When I use ROKU with a HDMI hookup I hear sound and no video. The HDMI
connection is fine because I can see all the menues. Looked at more than one
channel on ROKUS all channels did not have and video.When I hook up other
devices with the same HDMI line that video from those devices is fine. Any idea
what would cause this.I have ROKU 2.


Sent from my iPad 4 128GB using DBSTalk mobile app


----------



## sigma1914

I had that before - had to use a different HDMI port on the TV.


----------



## SeaBeagle

I will see if that works. Strange that the menus show up and the videos do not.

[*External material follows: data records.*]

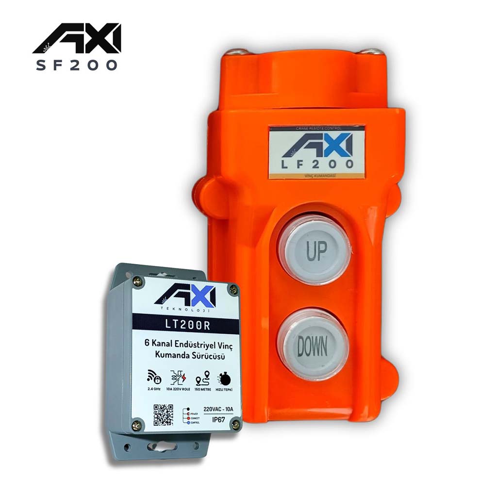 AXI SF100, endüstriyel kaldırma sistemleri için güvenli, uzun menzilli ve dayanıklı bir kablosuz kumanda çözümüdür. Set içerisinde yer alan LT200 kablosuz verici ve LF100R alıcı ünitesi birlikte çalışarak hem manuel hem uzaktan kontrol imkânı sağlar. Vinç, platform, kapı ve ağır iş makinesi uygulamalarında maksimum güvenlik ve kontrol sağlar.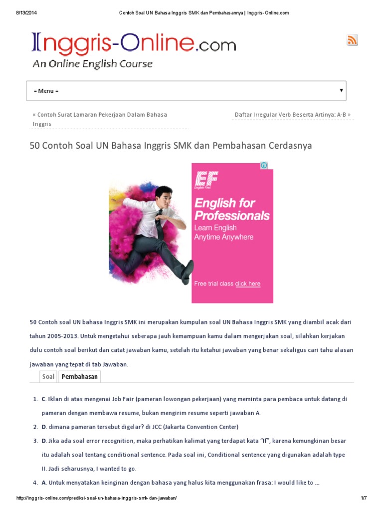 Contoh Soal Kata Sambung Dalam Bahasa Inggris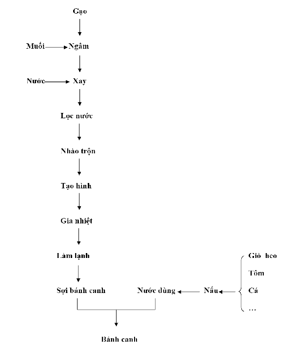 3. Giải thích quy trình Nguyên liệu: cơ sở sinh hóa của việc sản xuất bánh canh là nhờ vào khả năng tạo sợi của các hạt tinh bột sau khi được giải phóng và hồ hóa. Thành phần chính của tinh bột gạo là amylose và amylopectin. Chính 2 thành phần này sẽ tạo thành gel tinh bột ở một nồng độ nhất định khi được gia nhiệt và làm nguội. Gel tinh bột từ amylose thường cứng và đàn hồi kém còn amylopectin tuy khó tạo gel ở nồng độ thấp nhưng gel amylopectin trong, dính và có độ nhớt cao. Do đó, nếu bánh canh được làm hoàn toàn từ bột gạo thì sợi bánh sẽ đục, bở, nhưng nếu bánh được làm từ bột năng (chứa chủ yếu là amylopectin) thì sợi bánh sẽ dai, dẻo và trong, ta cũng có thể pha thêm bột năng vào bột gạo theo tỷ lệ 50g bột năng/1kg bột gạo.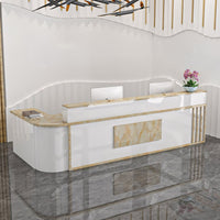 | Step into professionalism with our luxurious reception desk, meticulously crafted to redefine the ambiance of any workspace. Elevate the essence of your reception area with this captivating design, exuding elegance and sophistication. Its seamless blend of form and functionality creates an inviting atmosphere while making a striking first impression. Crafted with meticulous attention to detail, this desk radiates professionalism, offering a perfect balance of style and practicality. Transform your reception area into a symbol of refined taste and professionalism, setting the tone for exceptional client experiences. |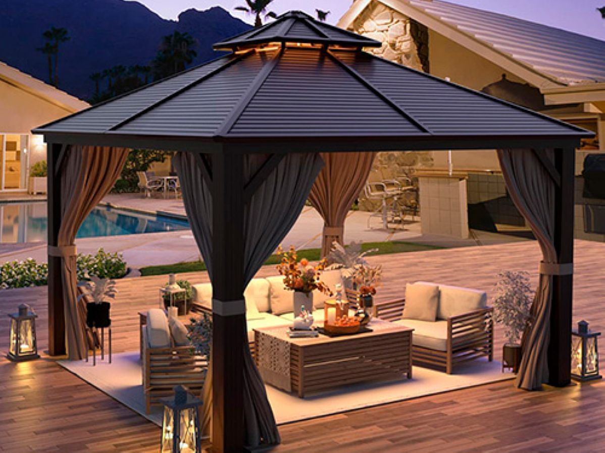 Muchos kits incluyen complementos que pueden usarse para mejorar la usabilidad y comodidad del pabellón, como mamparas, cortinas, luces y ventiladores. Como resultado, los usuarios pueden diseñar una zona de estar exterior especial que se ajuste a sus necesidades y gustos.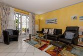 Das geräumige, freundlich gestaltete Wohnzimmer bietet neben ausreichenden Sitzgelegenheiten auch eine ausziehbare Ledercouch, einen gemütlichen Relaxsessel, eine kleine Bibliothek, Kabel-TV und Blue-Ray-Player.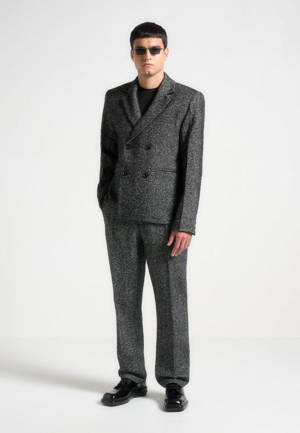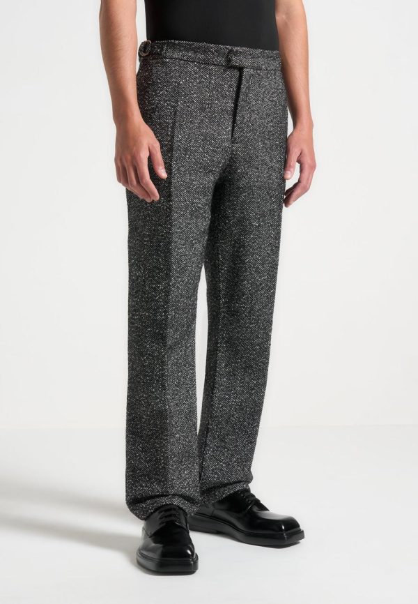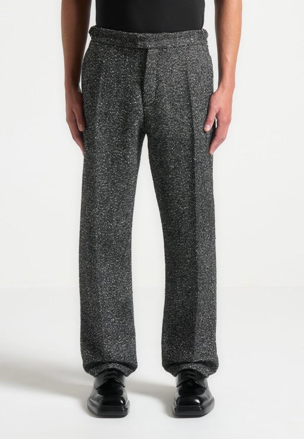 The Relaxed Fit Herringbone Pleated Trousers in Black offer a modern touch to a classic herringbone print. Designed with side adjusters for a customisable fit and a single pleat for a refined look, these durable trousers are made from a blend of 50% wool and 50% polyester. Pair with the Boxy Herringbone Jacket for a seamless look.

Sent from my iPad 4 128GB using DBSTalk mobile app


----------



## sigma1914

It's copyright protection BS.


----------



## Rich

sigma1914 said:


> It's copyright protection BS.


I don't really understand that. Could you expand on that answer? I don't doubt you, I've never understood the whole copyright thing.

Rich


----------



## sigma1914

Usually it's this screen.










Roku can be really finicky with HDMI so try a reboot or other cable.


----------



## SeaBeagle

sigma1914 said:


> Usually it's this screen.
> 
> 
> 
> 
> 
> 
> 
> 
> 
> 
> Roku can be really finicky with HDMI so try a reboot or other cable.

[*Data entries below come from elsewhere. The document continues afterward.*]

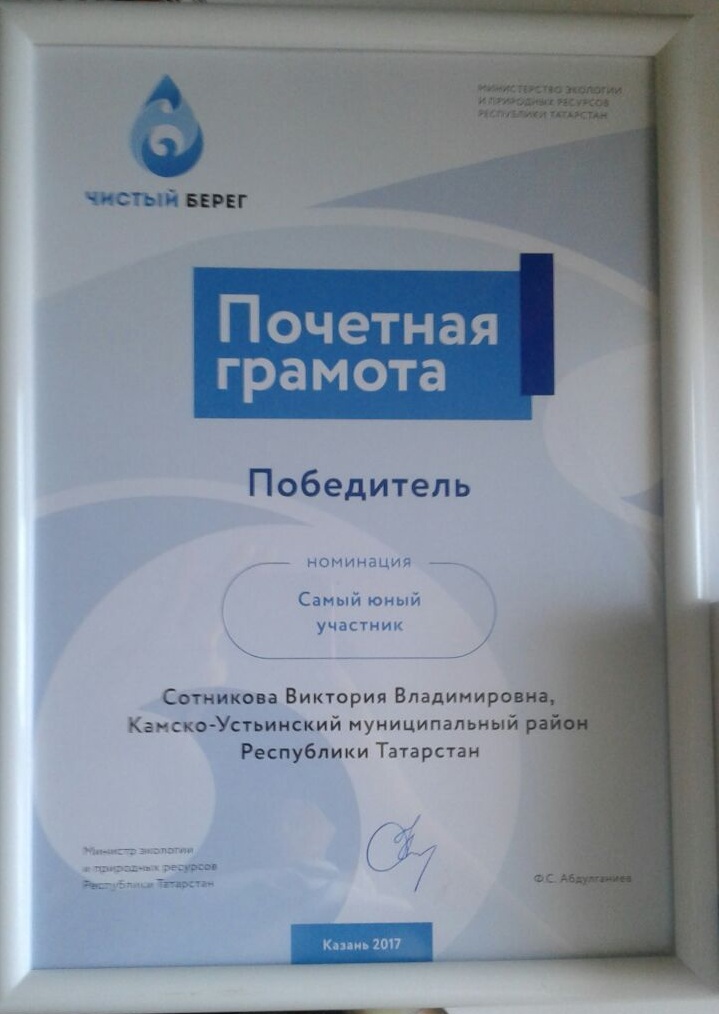 Ученица 9 класса Камско-Устьинской общеобразовательной средней школы Виктория Сотникова победила во Всероссийской акции "Чистый берег" как самая юная участница. Сегодня, 27 октября 2017 года, заместитель руководителя Исполнительного комитета по социальным вопросам Елена Сороковнина вручила подарок победительнице – смартфон Samsung и грамоту от Министерства экологии и природных ресурсов Республики Татарстан.
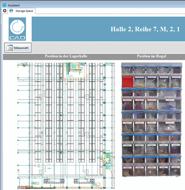 For every part sketches and pictures can be displayed in order to show the exact position in the stock and rack.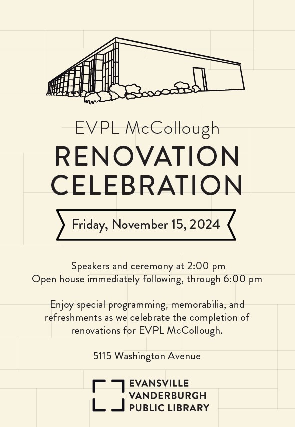 Join us in celebrating the grand re-opening of Evansville Vanderburgh Public Library's McCollough branch after completion of extensive renovations!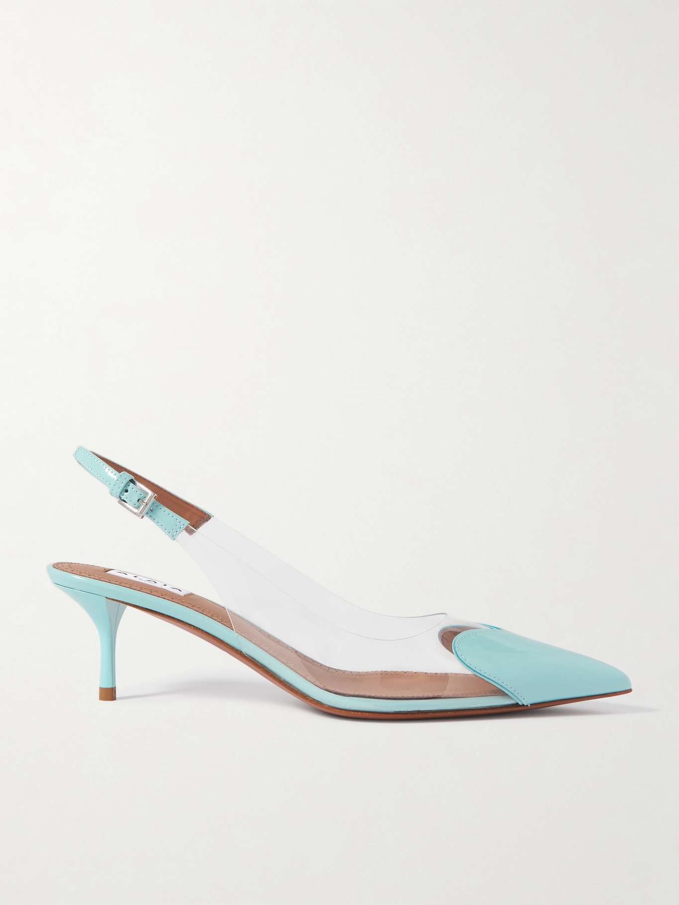 EDITORS'NOTES Alaïa's pumps are easy to fall for thanks to the heart-shaped patches of patent-leather at the pointy toes. They're made from clear PU and have timelessly chic kitten heels and adjustable buckles at the slingback straps. SIZE & FIT - Fits true to size, take your normal size - Narrow at the toe - Italian sizing DETAILS & CARE - Heel measures approximately 55mm/ 2 inches - Clear PU, light-blue patent-leather (Calf) - Buckle-fastening slingback strap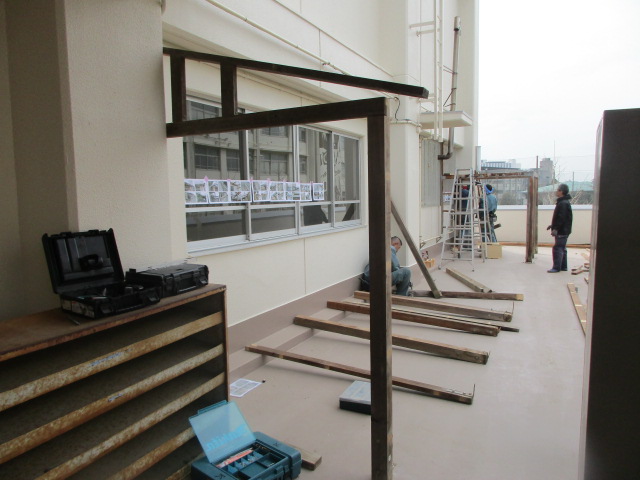 すっかりきれいに改修された体育館に以前の雨除けを取付けていきます。
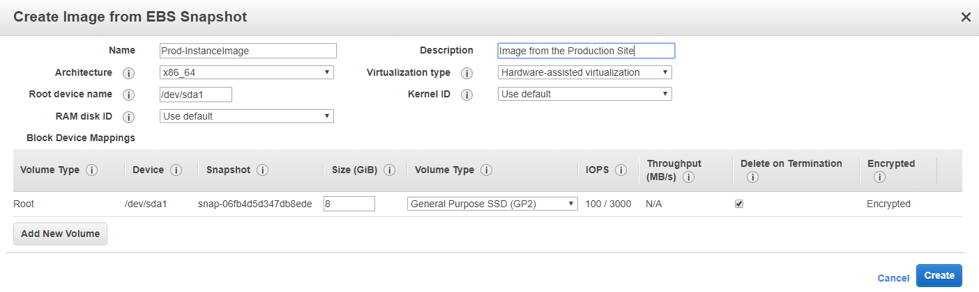 Once the snapshot is ready, select it and then click the “Actions” button and then the “Create Image” item in the drop down menu. This process takes the snapshot and creates an Amazon Machine Image (AMI - Pronounced: Ah-mee) which can be used to spin up new EC2 instances. Provide a name, the architecture, a description, the virtualization type and any size differences that you might want to make here. You’ll notice that the root volume here will be encrypted since we encrypted our snapshot when we copied it to the secondary region. When you’re done, click the “Create” button.

That graphic is not on the screen. Later on during the week I will change HDMI cables and/or HDMI a port.

Sent from my iPad 4 128GB using DBSTalk mobile app


----------



## harsh

Rich said:


> I don't really understand that. Could you expand on that answer?


HDMI is used to connect two kinds of destination devices:

1. Those that cannot record content (TVs, monitors, projectors)
2. Those that can (typically computer-based HDMI capture devices)

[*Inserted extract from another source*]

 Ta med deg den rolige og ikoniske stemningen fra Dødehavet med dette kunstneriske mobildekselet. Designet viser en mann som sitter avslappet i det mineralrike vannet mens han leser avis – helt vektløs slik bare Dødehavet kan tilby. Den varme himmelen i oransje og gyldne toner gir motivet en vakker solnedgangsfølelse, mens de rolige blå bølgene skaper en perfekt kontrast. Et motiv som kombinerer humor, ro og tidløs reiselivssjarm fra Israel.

If the content is "flagged", HDCP on the source must negotiate with the destination device to see which kind it/they is/are. If the source cannot make a determination, it assumes that the device(s) can record and denies the request.

If the content provider doesn't want you making copies of their content, flagging it and calling upon HDCP to deny you is how they make that happen.

Some devices default to HDCP whether the content is flagged or not (not what is happening here) and that's just wrong.


----------



## SeaBeagle

Guess what? Simple fix. I had RCA Video cables hooked to the TV as well as a HDMI connection. Took off the RCA connection and not ROKUs picture is back.

Now today for some reason the video picture is gone again.


Sent from my iPad 4 128GB using DBSTalk mobile app


----------



## harsh

SeaBeagle said:


> Sent from my iPad 4 128GB using DBSTalk mobile app


Apparently it isn't just me that has much difficulty typing on the iPad.


----------



## SeaBeagle

I purchased HDCP cables today. One reason is because on SYFY channel I saw something about HDCP.

Hoping this will ,are ROKU work again.


Sent from my iPad 4 128GB using DBSTalk mobile app


----------



## Diana C

When you say "Roku 2" is that the NEW, 3rd Gen Roku 2 (with no letters after the name) or the OLD 2nd gen Roku2 HD/XS/XD.

The older models were VERY finikey about HDMI connections and displayed a black screen when things weren't exactly right. The 3rd Gen units are more standard in their HDMI/HDCP enforcement and will display the screen above when there is an HDCP failure. If this is a 3rd Gen device, you may just have a flaky HDMI port on the Roku.


----------



## Rich

Diana C said:


> When you say "Roku 2" is that the NEW, 3rd Gen Roku 2 (with no letters after the name) or the OLD 2nd gen Roku2 HD/XS/XD.
> 
> The older models were VERY finikey about HDMI connections and displayed a black screen when things weren't exactly right. The 3rd Gen units are more standard in their HDMI/HDCP enforcement and will display the screen above when there is an HDCP failure. If this is a 3rd Gen device, you may just have a flaky HDMI port on the Roku.


This thread is not making me want to run out and buy another Roku.

Rich


----------



## SeaBeagle

ROKU is working fine used not a RCA connection to the TV. I know one thing a KODI receiver has many more options to choose from for free.


Sent from my iPad 4 128GB using DBSTalk mobile app


----------